Leave to Sell – Leave to Purchase
In this decision, the NEB considered a joint application (the “Application”) for sale and purchase of the Line 10 pipeline (the “Pipeline”) by Enbridge Pipelines Inc. (“Enbridge”) and Westover Express Pipeline Limited (“Westover Express”) pursuant to paragraphs 74(1)(a) and (b) of the National Energy Board Act (“NEB Act”).
The NEB approved the Application, granting Enbridge leave to sell, and Westover Express leave to purchase, the Canadian portion of the Pipeline.
Line 10 Pipeline
Together, the Canadian and American portions of the Pipeline comprise approximately 143 km of NPS 12 (324 mm) and NPS 20 (308 mm) pipe that transport crude oil from Enbridge’s terminal in Westover, Ontario to United’s Kiantone Pipeline in West Seneca, New York to supply United’s approximately 70,000 barrel-per-day (“bpd”) refinery in Warren, Pennsylvania.
At issue in this Application was the Canadian portion of the Pipeline. It is approximately 105.41 km in length within Ontario. It crosses under the Niagara River and terminates at the international border.
The NEB noted that the Pipeline was already regulated by the NEB and was previously determined to have been constructed and operated in a safe and environmentally sound manner, and was required for the present and future public convenience and necessity. Similarly, the NEB previously made a determination to allow the decommissioning of certain Line 10 segments in place.
The NEB further noted that Line 10 would continue to be regulated by the NEB, and lifecycle oversight over the Pipeline would continue. Conditions previously imposed by the NEB on Enbridge regarding the Pipeline would continue to apply to Westover Express. Westover Express would be subject to the NEB’s regulatory framework, including abandonment funding and financial resource requirements. Westover Express would be responsible for the decommissioned portions of Line 10, and the future abandonment of the facilities.
The NEB found that operating conditions or circumstances would not change as a result of the transaction. Line 10 would remain in operation subsequent to the transaction. The NEB indicated that the safety and environmental risks associated with excavating and removing the decommissioned Pipeline from the ground remained.
Consultation and Socio-Economic Matters
The NEB found that the public and landowner consultation activities undertaken by Enbridge for the purposes of the sale were adequate. The NEB was satisfied with the design and implementation of Enbridge’s consultation activities, as well as its commitment to continued consultation activities.
Westover Express’ Ability to Finance the Pipeline
As a lifecycle regulator, the NEB assesses the ability of a prospective pipeline owner to finance the Pipeline over its entire life. This includes the day-today operations of the Pipeline, financial resources to address a possible incident on the Pipeline, and its ability to finance the eventual abandonment of the Pipeline.
The NEB Act and its regulations include financial resource requirements for companies, to cover the costs of an unintended or uncontrolled release from their pipelines.
NEB-regulated pipeline companies must have a mechanism in place that will provide adequate funds to pay for pipeline abandonment.
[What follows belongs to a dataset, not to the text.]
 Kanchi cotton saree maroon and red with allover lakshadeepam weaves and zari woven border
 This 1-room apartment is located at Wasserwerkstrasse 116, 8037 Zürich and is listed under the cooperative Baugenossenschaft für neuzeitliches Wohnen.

Companies are required to file an Abandonment Cost Estimate for NEB approval. The NEB regularly reviews company abandonment mechanisms to verify that material changes to a pipeline are reflected in the Abandonment Cost Estimate and an appropriate level of funds is set aside.
The NEB found that the regulatory requirements for financial resources and abandonment funding addressed the concerns related to Westover Express’ ability to finance costs associated with the Pipeline. Westover Express would be required to comply with the NEB’s requirements for setting aside funds for abandonment and for demonstrating sufficient financial resources.
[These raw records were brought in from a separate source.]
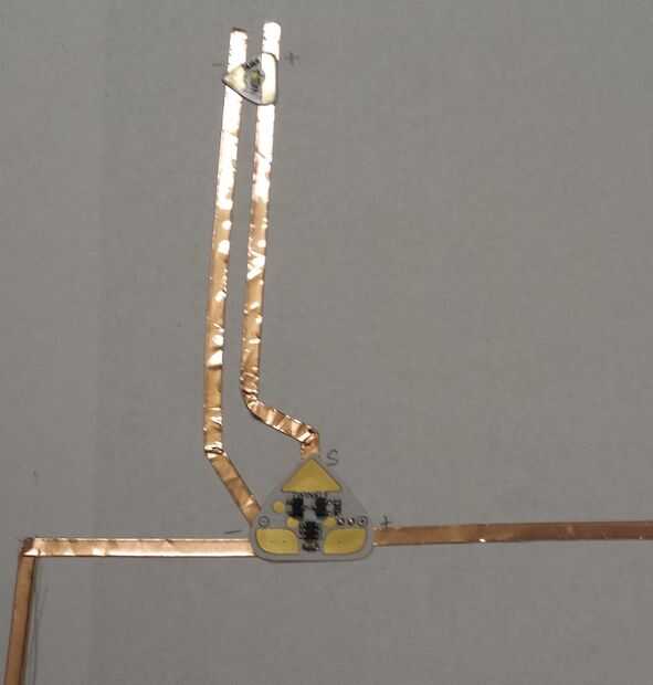 Ahora es el momento para agregar etiquetas a tu circuito! Recuerde colocarlos para que sus almohadillas conductoras en contacto con la cinta de cobre que ha establecido y pegar hacia abajo firmemente para asegurar una buena conexión. El circuito debería verse algo como la anterior.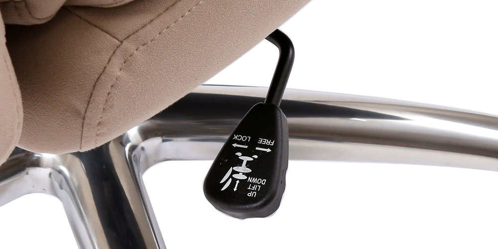 座面下のレバーで座面の高さ調節(45〜50cm)とロッキングのロック/解除の操作が行えます。センターロッキングは昇降シリンダーを支点に背と座の角度は一定のまま後ろに倒れます。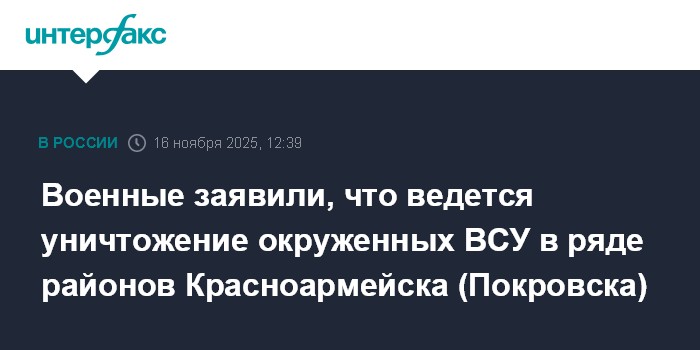 Военные заявили, что ведется уничтожение окруженных ВСУ в ряде районов Красноармейска (Покровска)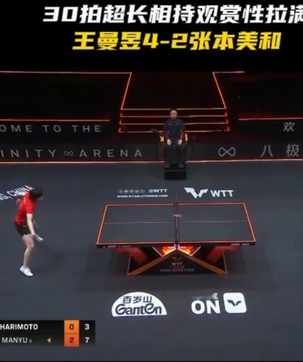 香港总决赛王曼昱和张本美和的对决太刺激了!王曼昱又双叒叕赢了,这次4比2击败张本美和,已经是她第九次战胜对手,“曼昱魔咒”实锤。 比赛里张本美和也有亮点,第三局搏杀扳回一局,第五局还5比0开局。但到了关键分,王曼昱反手拧拉和坚固防守让张本美和干着急。有个回合两人反手对攻三十多板,解说直接惊呼“我的天呐”,观赏性直接拉满。王曼昱准备超充分,战术安排针对张本美和反手长球。哪怕张本美和反手速度快,王曼昱靠身材和护台面积,中远台反拉稳稳的。张本美和变策略也没啥用,王曼昱正手对攻照样出色。这比赛真是太精彩了!

The NEB approved the applicants’ proposed method for the establishment of the Line 10 trust to be established initially with Enbridge as the contributor and beneficiary. The NEB authorized the transfer of funds between trusts as described in the Application. Westover Express would be responsible for discharging the beneficiary’s reclamation obligations related to Line 10 upon closing of the sale and the issuance of the amending orders.
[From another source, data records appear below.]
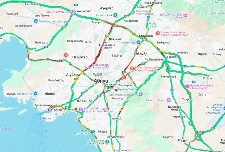 Συγκεκριμένα, στη λεωφόρο Κηφισού, οι οδηγοί κινούνται με σχετικά χαμηλές ταχύτητες καθώς παρατηρείται κυκλοφοριακή συμφόρηση κυρίως από τη Νέα Φιλαδέλφεια έως και τη Δράκοντος και στα δυο ρεύματα.
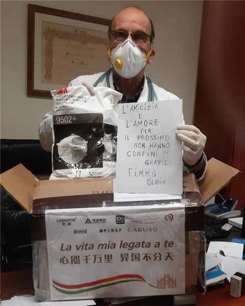來自意大利撒丁島的Giovanni 醫(yī)生收到了復(fù)星援助意大利的口罩。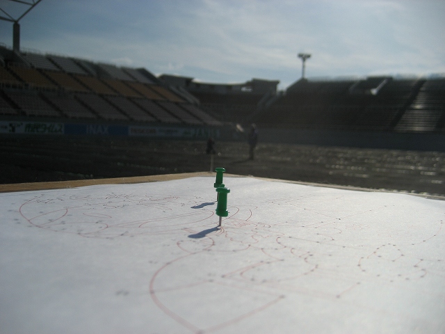 これで、紙に書いたミニアルプちゃんを、サッカー場サイズの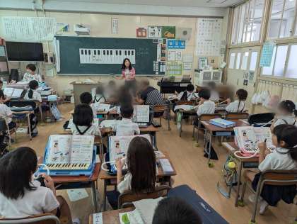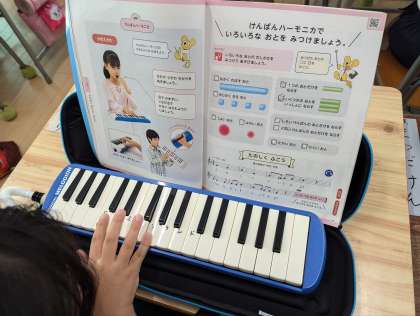 ピアニカの演奏の様子です。歌に合わせて自分の好きな音を出してみようということで、子どもたちは1つの音をしっかりと出してみたり、色々な鍵盤を同時におさえてみたりと色々な工夫をして楽しみました。音が鳴るたびにいい笑顔を見せてくれました

The NEB also noted Westover Express’ commitment to file tolls prior to the effective date of the transfer. The NEB Act requires that a company must not charge any tolls except tolls that are specified in a tariff that has been filed with the NEB and is in effect.
Ongoing Financial Regulation
Pipeline companies regulated by the NEB are divided into two groups, Group 1 or Group 2 companies, for financial regulation purposes. Group 1 companies are generally those with extensive systems under the NEB’s jurisdiction. Any pipeline company regulated by the NEB, which is not a Group 1 company is a Group 2 company.
The NEB decided to regulate Westover Express as a Group 2 company on a complaint basis for financial regulatory purposes.
The NEB advised that it is the responsibility of a Group 2 company to provide its shippers and interested parties with sufficient information to enable them to determine whether the tolls and transportation requirements were reasonable or whether a complaint was warranted.
The NEB issued Order MO-014-2019, which required Enbridge and Westover Express to file confirmation with the NEB once the sale and purchase of Line 10 are complete. On receipt of this notification, the NEB will take the appropriate steps to vary the Certificates and Orders.